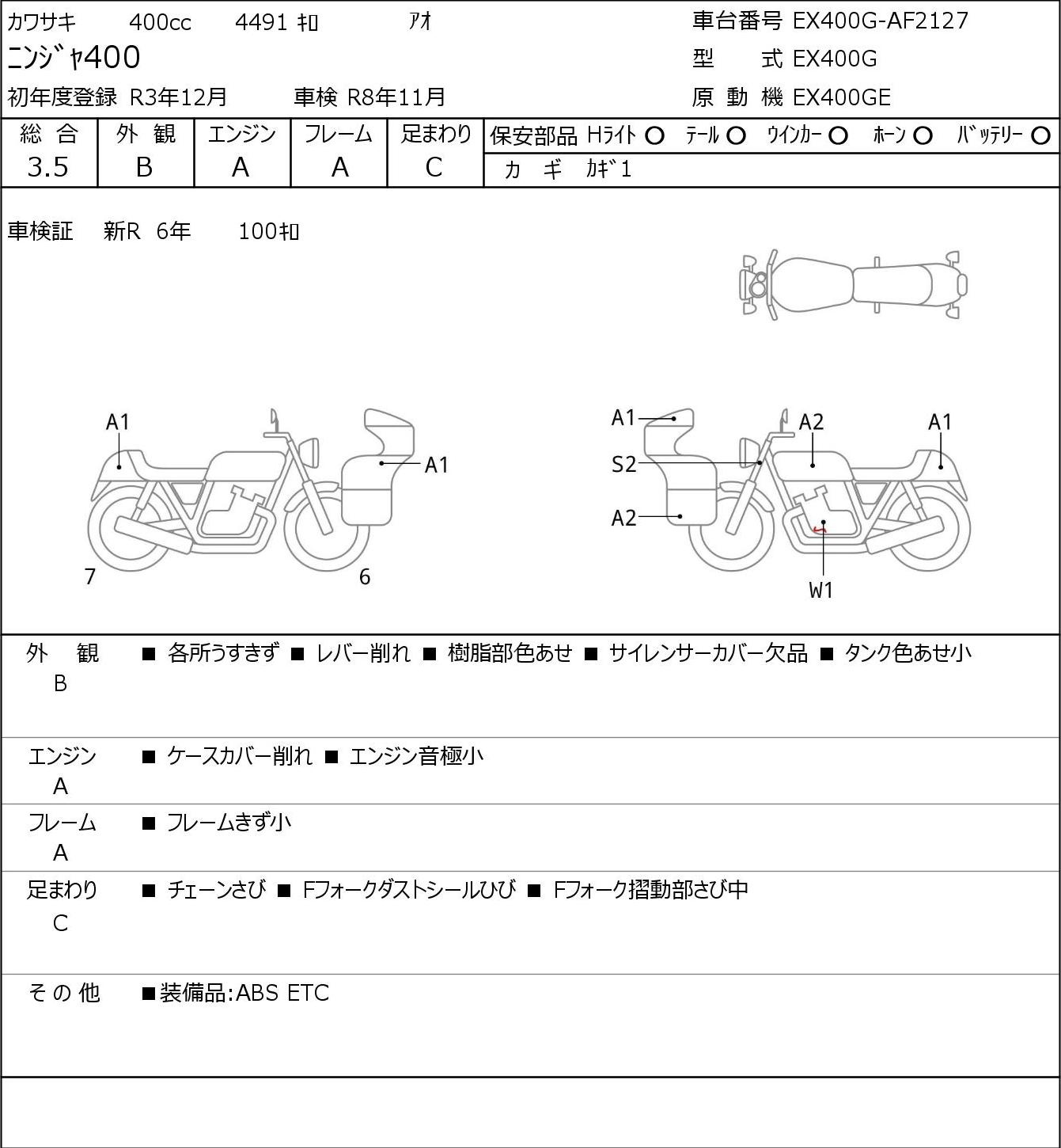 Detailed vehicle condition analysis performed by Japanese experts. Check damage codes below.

·····

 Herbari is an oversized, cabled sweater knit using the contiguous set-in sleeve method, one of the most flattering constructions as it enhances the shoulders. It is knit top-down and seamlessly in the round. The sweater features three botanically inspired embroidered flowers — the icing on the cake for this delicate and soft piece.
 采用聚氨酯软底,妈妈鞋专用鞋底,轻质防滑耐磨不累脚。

·····

TASK GOAL: Copy the lines above exactly. Start with the line containing "Herbari is an", end with the line containing "采用聚氨酯软底,妈妈鞋专用鞋底,轻质防滑耐磨不累脚。", and include both.

ANSWER SPACE:
 Herbari is an oversized, cabled sweater knit using the contiguous set-in sleeve method, one of the most flattering constructions as it enhances the shoulders. It is knit top-down and seamlessly in the round. The sweater features three botanically inspired embroidered flowers — the icing on the cake for this delicate and soft piece.
 采用聚氨酯软底,妈妈鞋专用鞋底,轻质防滑耐磨不累脚。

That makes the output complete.